Stored data:
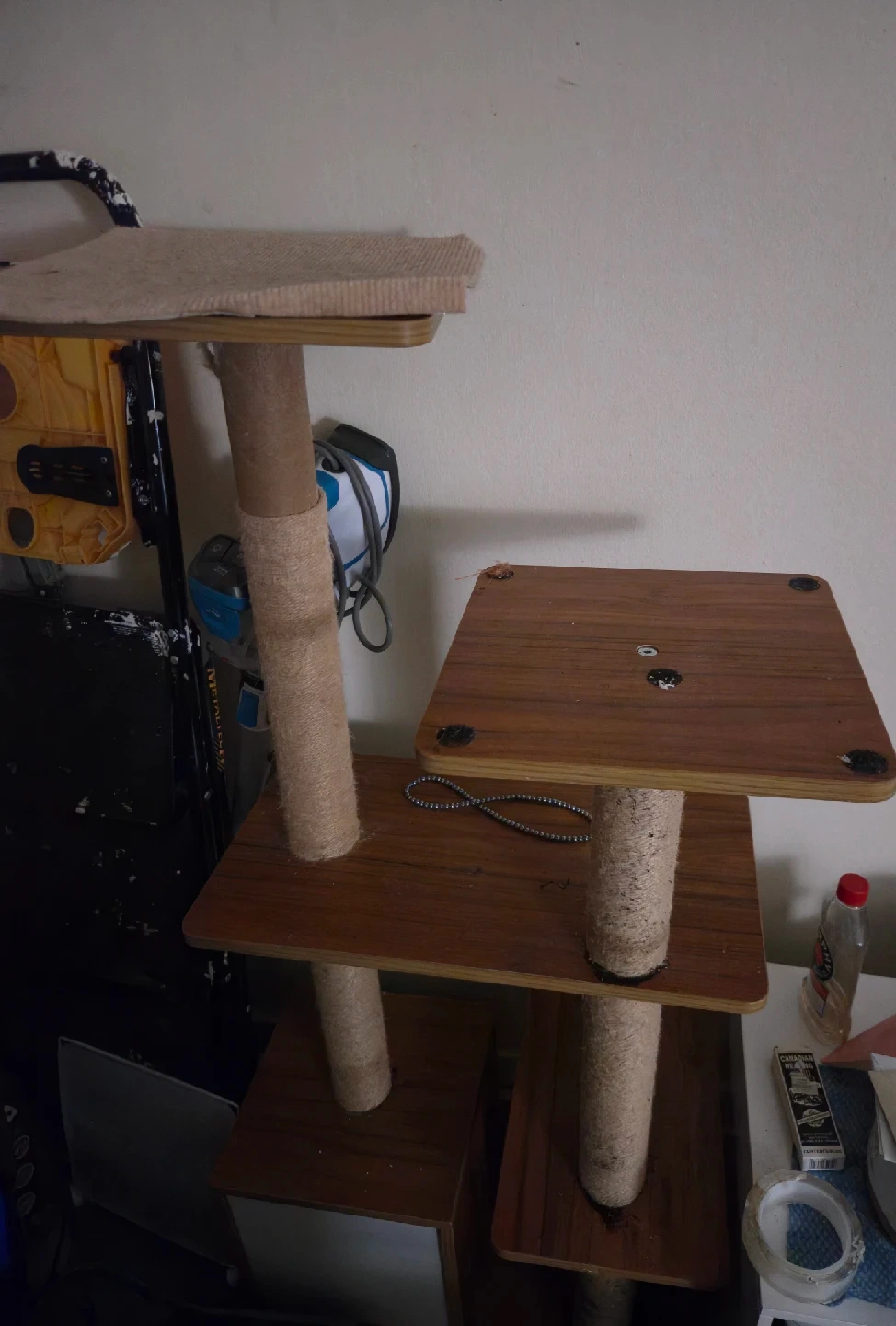 5Here's a cat tree with multiple levels and scratching posts! It's perfect for your feline friend to climb, play, and scratch to their heart's content.
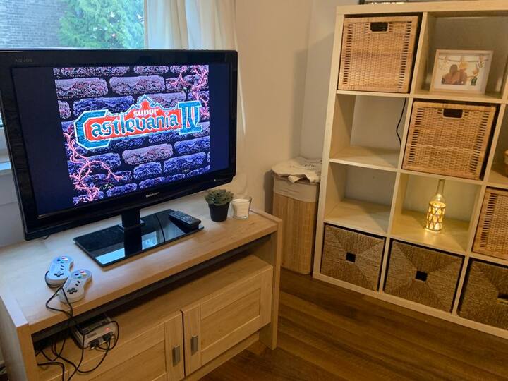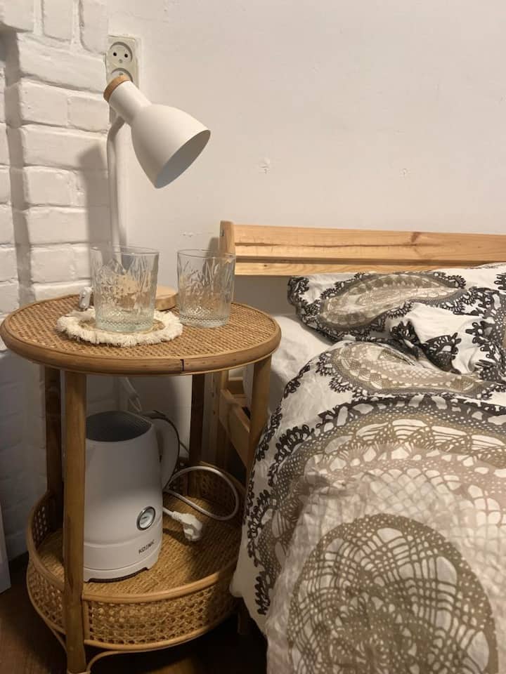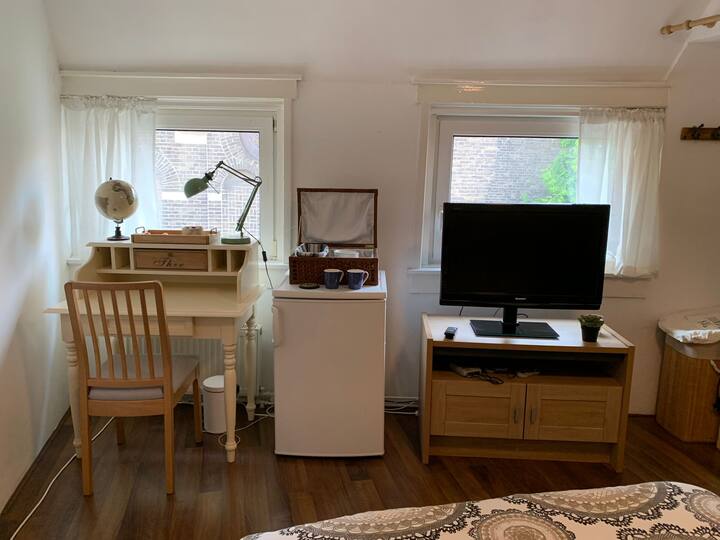 Ditt rum är ett rymligt och mysigt (holländskt: gezellig) rum utrustat med ett skrivbord för arbete/studier, en avkopplande säng, en TV med chromecast som du kan använda med din telefon eller via din bärbara dator, ett arkadspel, ett kylskåp för dina personliga förfriskningar, en vattenpanna för te/snabbkaffe/snacks som nudlar, lite köksutrustning och tillräckligt med utrymme för att fylla på dina kläder eller andra förnödenheter för en bekväm och bekväm tid under din vistelse.
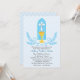 Eine Einladung der Erste Heilige Kommunion enthält ein Kirchenfenster in blauer Farbe mit Kreuz- und Goldkalice, das mit einem blauen Ziegelblatt-Design besticht. Der blaue Hintergrund hat ein blau-weißes kreisförmiges Muster, das sich auf der Rückseite in einem dunkleren Blau wiederholt. (Graphics AMBillustrations ©2017)
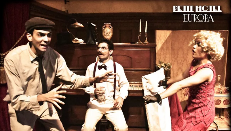 El emblemático hall, con una gran escalera de madera, de El Telón Rojo se transforma durante 150 minutos en un hotel del Reino de Kichik Bir, un país europeo que en alguna dimensión desconocida supo existir. Corre el año 1927 y Polina, que es propietaria del Petit Hotel Europa, se encuentra en dificultades económicas para mantenerlo. Cada vez hay menos huéspedes, pero esta noche comienza a llegar un conjunto muy variado y variopinto de visitantes. El hotel está repleto y los enredos y confusiones se despliegan cuando las piezas de esta comedia en dos actos comienzan a encajar.
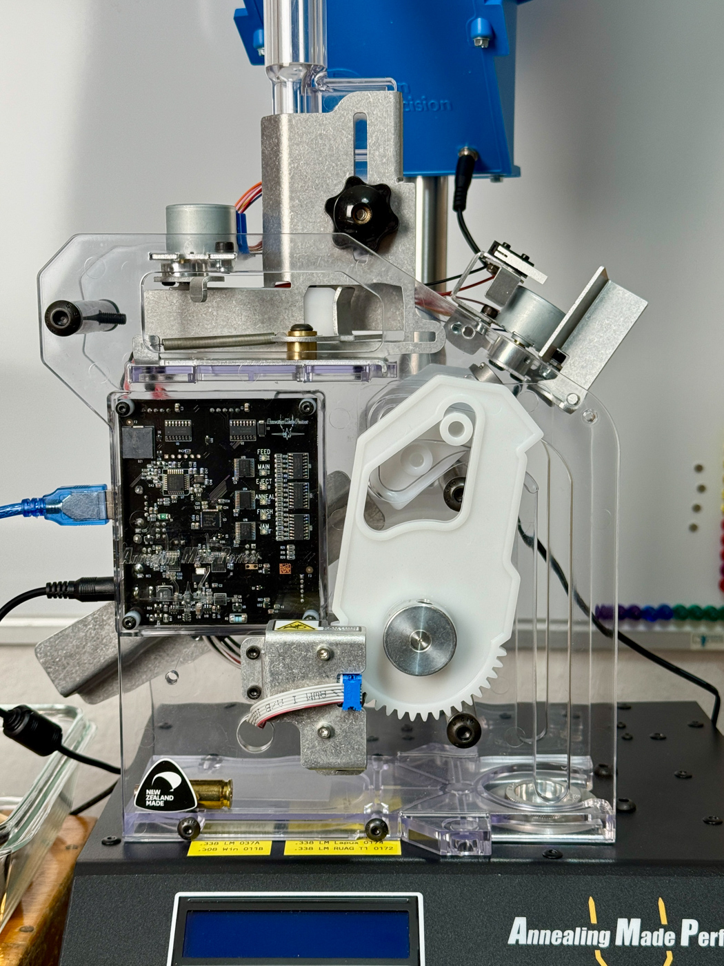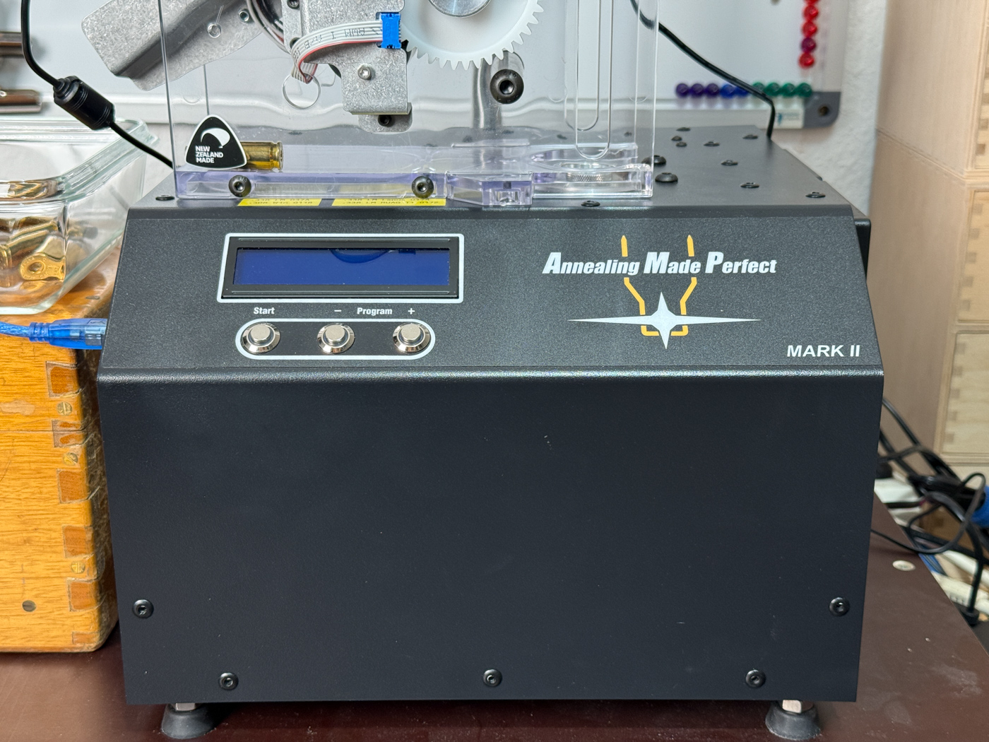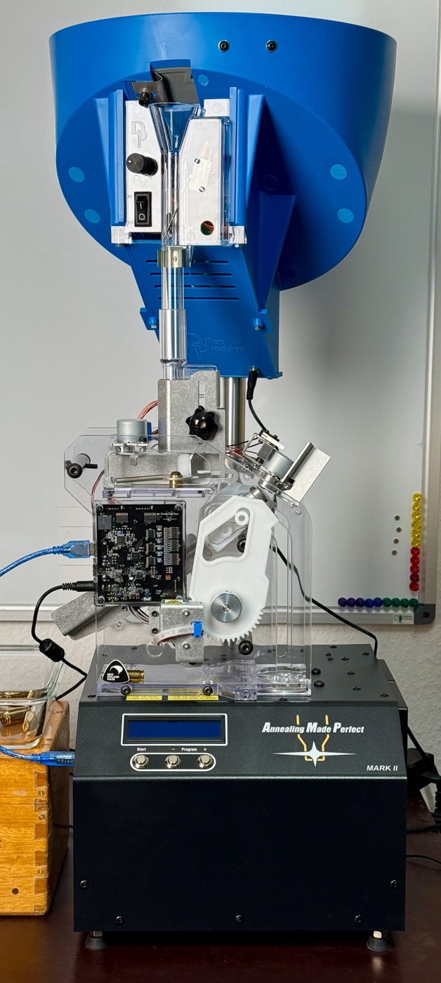 - Casefeeder-Ständer (z. B. 1″-Alurohr auf Grundplatte) neben/hinter dem Annealer aufbauen.
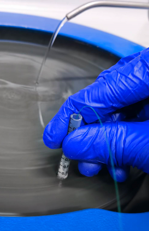 В достаточной мере образование внутриволоконных полостей можно феноменологически объяснить явлением кавитации, однако с допущением, что газ появляться за счет разрыва связей SiO2 и (или) легирующих примесей. Для вышеуказанного кавитационно-подобного сравнения характерны высокие значения температуры и давления внутри полости, а также высокие скорости движения поверхности раздела сред. Создаваемая полость сначала расширяется и её радиус достигает максимального значения, после чего она начинает сжиматься за счет поверхностного натяжения и внешнего воздействия остывающего материала.
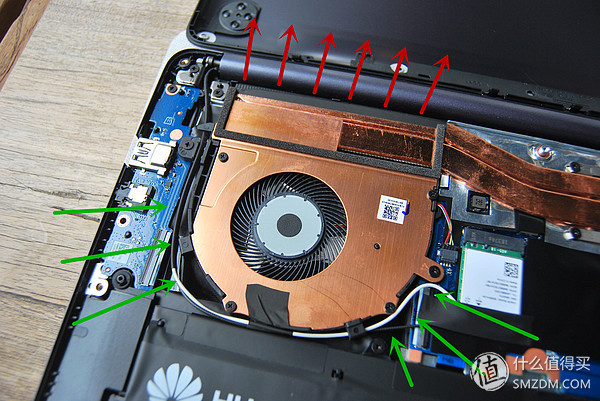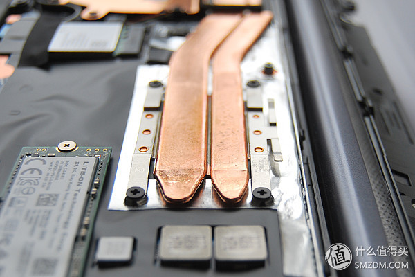 该位置下方应该是AMD的那颗Ryzen5 2500u了,通过两根扁热管将热量传导到涡轮散热器。
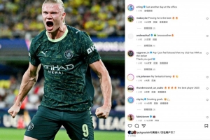 本場比賽哈蘭德破門,這已經(jīng)是他連續(xù)12場比賽取得進球。賽后哈蘭德在社媒曬出慶祝照片,配文寫道:“只不過又是普普通通上班的一天?!?/p>
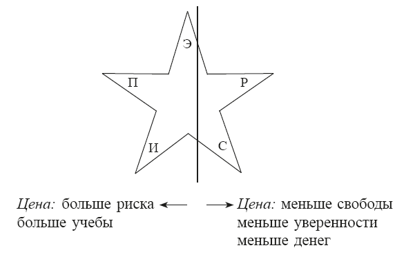 В главе 10 рассматриваются принципы, которыми должны руководствоваться предприниматели, стремящиеся построить эффективную и прибыльную фирму. Здесь вы также сможете узнать, на что надо обращать внимание тем, кто готов перебраться с «надежной» правой стороны звезды на левую.
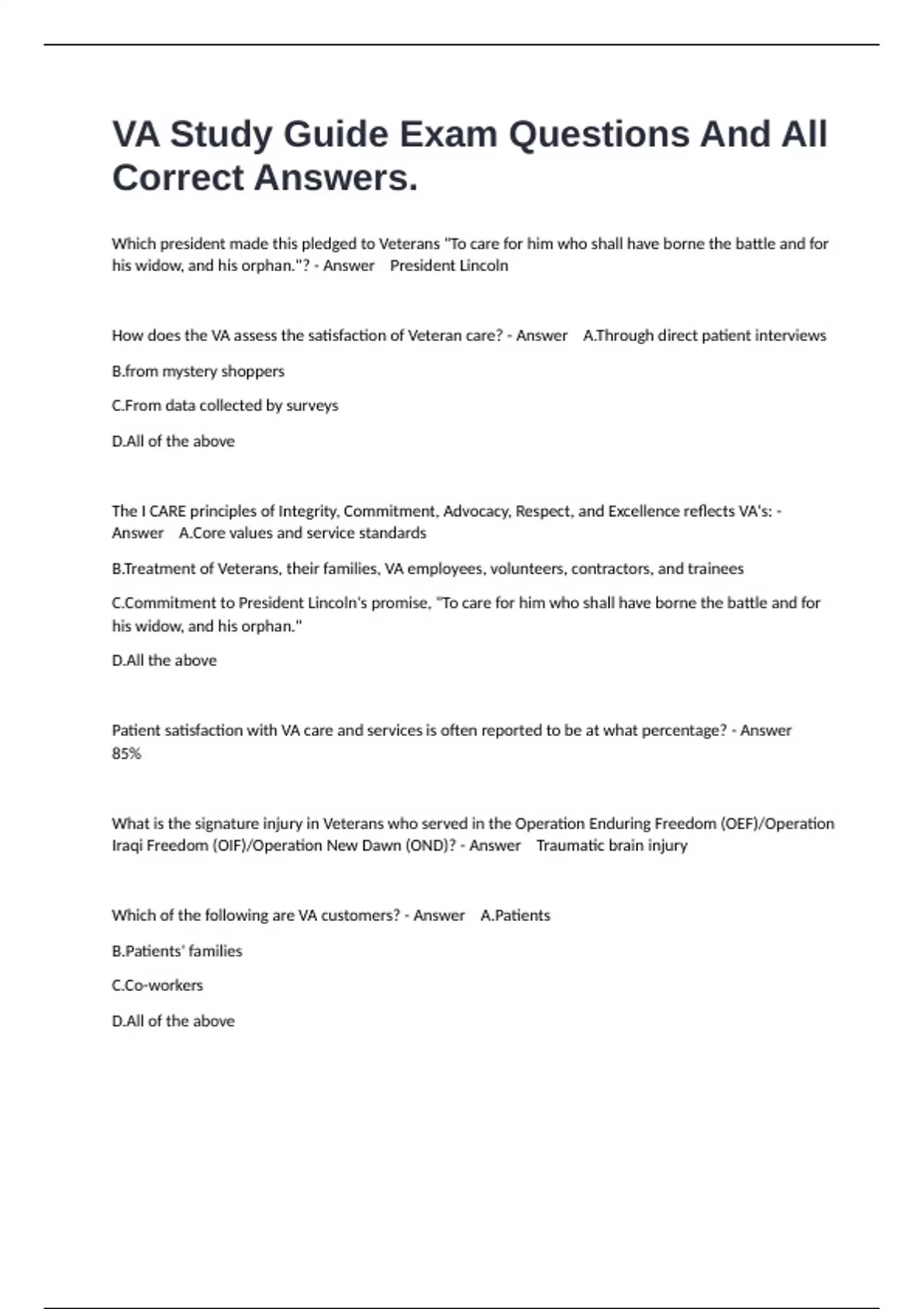 Which president made this pledged to Veterans "To care for him who shall have borne the battle and for his widow, and his orphan."? - Answer President Lincoln How does the VA assess the satisfaction of Veteran care? - Answer A.Through direct patient interviews B.from mystery shoppers C.From data collected by surveys D.All of the above The I CARE principles of Integrity, Commitment, Advocacy, Respect, and Excellence reflects VA's: - Answer A.Core values and service standards B.Treatment of Veterans, their families, VA employees, volunteers, contractors, and trainees C.Commitment to President Lincoln's promise, "To care for him who shall have borne the battle and for his widow, and his orphan." D.All the above Patient satisfaction with VA care and services is often reported to be at what percentage? - Answer 85% What is the signature injury in Veterans who served in the Operation Enduring Freedom (OEF)/Operation Iraqi Freedom (OIF)/Operation New Dawn (OND)? - Answer Traumatic brain injury Which of the following are VA customers? - Answer A.Patients B.Patients' families C.Co-workers D.All of the above

The problem: What is needed is every record above, returned exactly, with the pictures omitted.

Solved exercise:
 5Here's a cat tree with multiple levels and scratching posts! It's perfect for your feline friend to climb, play, and scratch to their heart's content.
 Ditt rum är ett rymligt och mysigt (holländskt: gezellig) rum utrustat med ett skrivbord för arbete/studier, en avkopplande säng, en TV med chromecast som du kan använda med din telefon eller via din bärbara dator, ett arkadspel, ett kylskåp för dina personliga förfriskningar, en vattenpanna för te/snabbkaffe/snacks som nudlar, lite köksutrustning och tillräckligt med utrymme för att fylla på dina kläder eller andra förnödenheter för en bekväm och bekväm tid under din vistelse.
 Eine Einladung der Erste Heilige Kommunion enthält ein Kirchenfenster in blauer Farbe mit Kreuz- und Goldkalice, das mit einem blauen Ziegelblatt-Design besticht. Der blaue Hintergrund hat ein blau-weißes kreisförmiges Muster, das sich auf der Rückseite in einem dunkleren Blau wiederholt. (Graphics AMBillustrations ©2017)
 El emblemático hall, con una gran escalera de madera, de El Telón Rojo se transforma durante 150 minutos en un hotel del Reino de Kichik Bir, un país europeo que en alguna dimensión desconocida supo existir. Corre el año 1927 y Polina, que es propietaria del Petit Hotel Europa, se encuentra en dificultades económicas para mantenerlo. Cada vez hay menos huéspedes, pero esta noche comienza a llegar un conjunto muy variado y variopinto de visitantes. El hotel está repleto y los enredos y confusiones se despliegan cuando las piezas de esta comedia en dos actos comienzan a encajar.
 - Casefeeder-Ständer (z. B. 1″-Alurohr auf Grundplatte) neben/hinter dem Annealer aufbauen.
 В достаточной мере образование внутриволоконных полостей можно феноменологически объяснить явлением кавитации, однако с допущением, что газ появляться за счет разрыва связей SiO2 и (или) легирующих примесей. Для вышеуказанного кавитационно-подобного сравнения характерны высокие значения температуры и давления внутри полости, а также высокие скорости движения поверхности раздела сред. Создаваемая полость сначала расширяется и её радиус достигает максимального значения, после чего она начинает сжиматься за счет поверхностного натяжения и внешнего воздействия остывающего материала.
 该位置下方应该是AMD的那颗Ryzen5 2500u了,通过两根扁热管将热量传导到涡轮散热器。
 本場比賽哈蘭德破門,這已經(jīng)是他連續(xù)12場比賽取得進球。賽后哈蘭德在社媒曬出慶祝照片,配文寫道:“只不過又是普普通通上班的一天?!?/p>
 В главе 10 рассматриваются принципы, которыми должны руководствоваться предприниматели, стремящиеся построить эффективную и прибыльную фирму. Здесь вы также сможете узнать, на что надо обращать внимание тем, кто готов перебраться с «надежной» правой стороны звезды на левую.
 Which president made this pledged to Veterans "To care for him who shall have borne the battle and for his widow, and his orphan."? - Answer President Lincoln How does the VA assess the satisfaction of Veteran care? - Answer A.Through direct patient interviews B.from mystery shoppers C.From data collected by surveys D.All of the above The I CARE principles of Integrity, Commitment, Advocacy, Respect, and Excellence reflects VA's: - Answer A.Core values and service standards B.Treatment of Veterans, their families, VA employees, volunteers, contractors, and trainees C.Commitment to President Lincoln's promise, "To care for him who shall have borne the battle and for his widow, and his orphan." D.All the above Patient satisfaction with VA care and services is often reported to be at what percentage? - Answer 85% What is the signature injury in Veterans who served in the Operation Enduring Freedom (OEF)/Operation Iraqi Freedom (OIF)/Operation New Dawn (OND)? - Answer Traumatic brain injury Which of the following are VA customers? - Answer A.Patients B.Patients' families C.Co-workers D.All of the above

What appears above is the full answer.